── The data ──
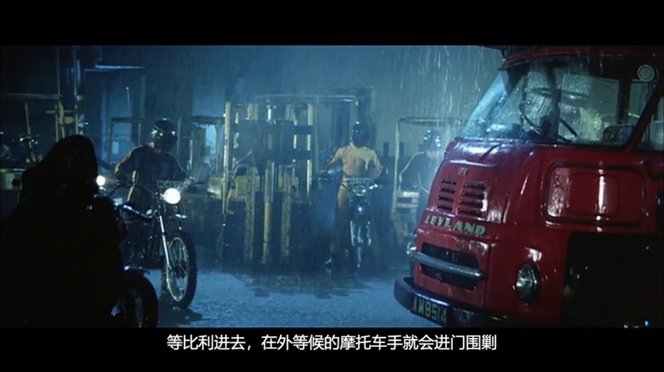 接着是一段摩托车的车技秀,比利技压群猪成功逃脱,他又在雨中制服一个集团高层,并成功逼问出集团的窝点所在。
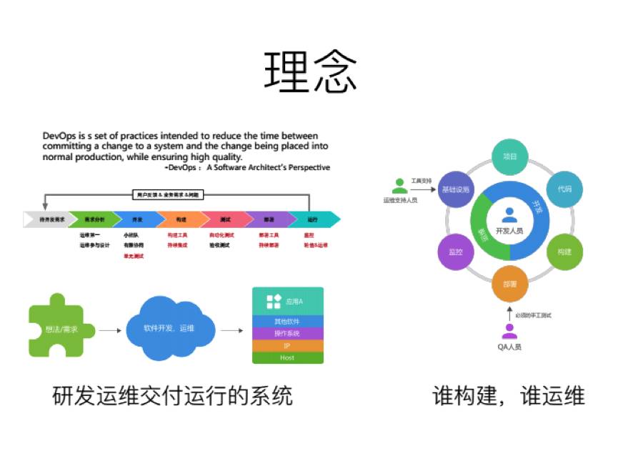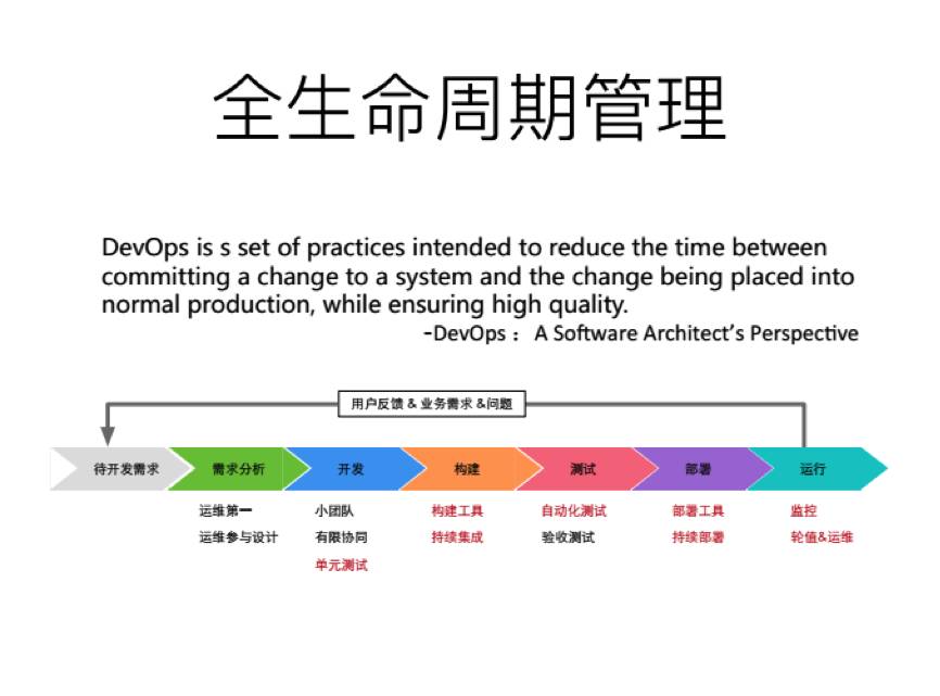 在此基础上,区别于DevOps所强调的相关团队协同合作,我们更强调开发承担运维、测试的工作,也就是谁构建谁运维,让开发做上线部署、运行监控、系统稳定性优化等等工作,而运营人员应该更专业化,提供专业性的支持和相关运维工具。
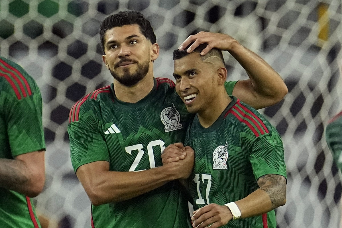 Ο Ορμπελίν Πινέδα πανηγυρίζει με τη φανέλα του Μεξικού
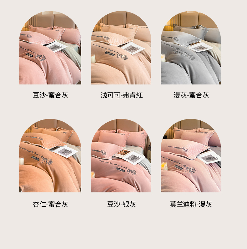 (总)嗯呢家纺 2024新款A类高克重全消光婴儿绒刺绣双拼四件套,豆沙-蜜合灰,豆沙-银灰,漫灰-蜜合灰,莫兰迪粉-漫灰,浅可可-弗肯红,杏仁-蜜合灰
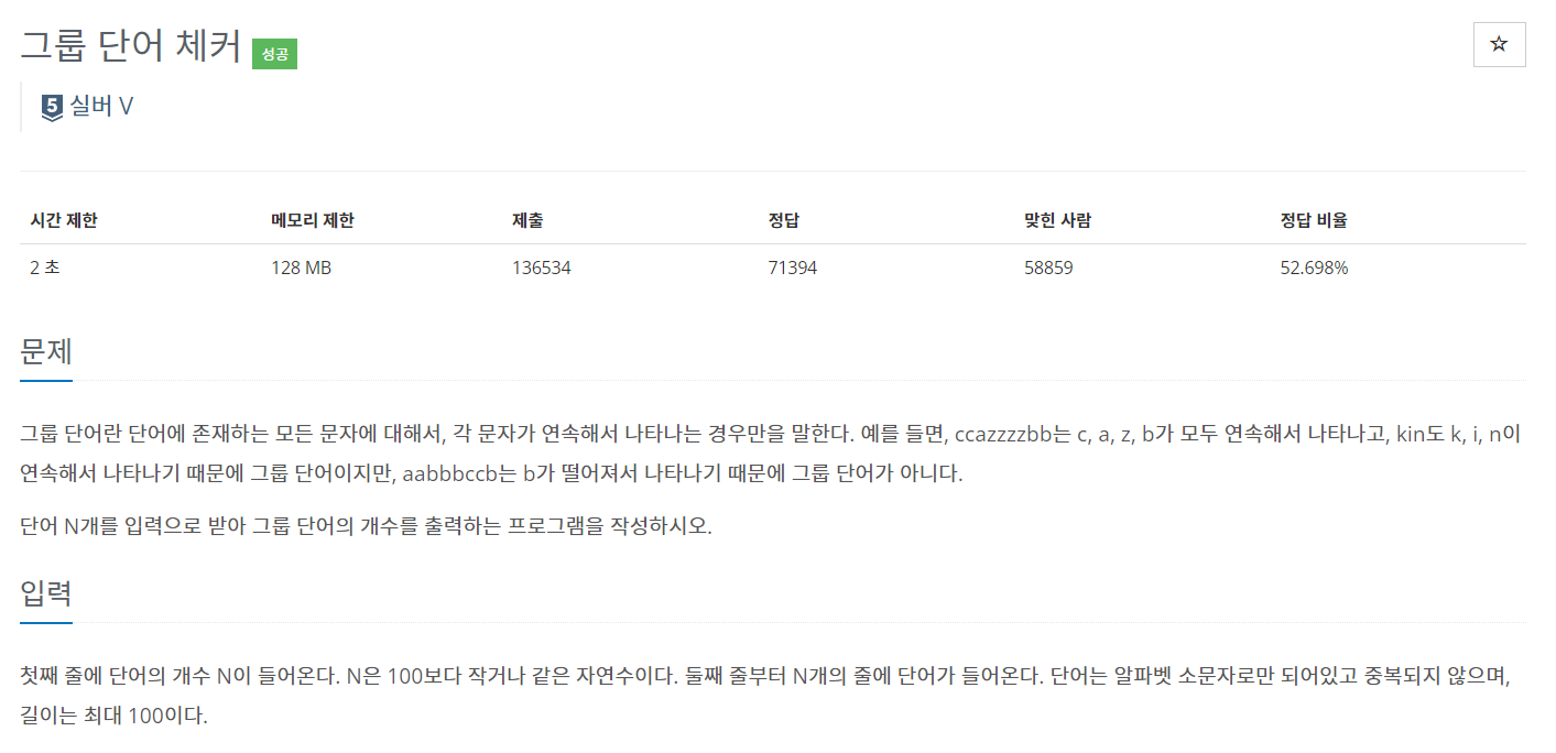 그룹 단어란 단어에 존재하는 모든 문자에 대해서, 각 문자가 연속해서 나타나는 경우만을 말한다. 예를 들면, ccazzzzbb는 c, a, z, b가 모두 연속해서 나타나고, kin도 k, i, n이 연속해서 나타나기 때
───
**Task brief**
Set down the data above verbatim, omitting every image.

**Response**
 接着是一段摩托车的车技秀,比利技压群猪成功逃脱,他又在雨中制服一个集团高层,并成功逼问出集团的窝点所在。
 在此基础上,区别于DevOps所强调的相关团队协同合作,我们更强调开发承担运维、测试的工作,也就是谁构建谁运维,让开发做上线部署、运行监控、系统稳定性优化等等工作,而运营人员应该更专业化,提供专业性的支持和相关运维工具。
 Ο Ορμπελίν Πινέδα πανηγυρίζει με τη φανέλα του Μεξικού
 (总)嗯呢家纺 2024新款A类高克重全消光婴儿绒刺绣双拼四件套,豆沙-蜜合灰,豆沙-银灰,漫灰-蜜合灰,莫兰迪粉-漫灰,浅可可-弗肯红,杏仁-蜜合灰
 그룹 단어란 단어에 존재하는 모든 문자에 대해서, 각 문자가 연속해서 나타나는 경우만을 말한다. 예를 들면, ccazzzzbb는 c, a, z, b가 모두 연속해서 나타나고, kin도 k, i, n이 연속해서 나타나기 때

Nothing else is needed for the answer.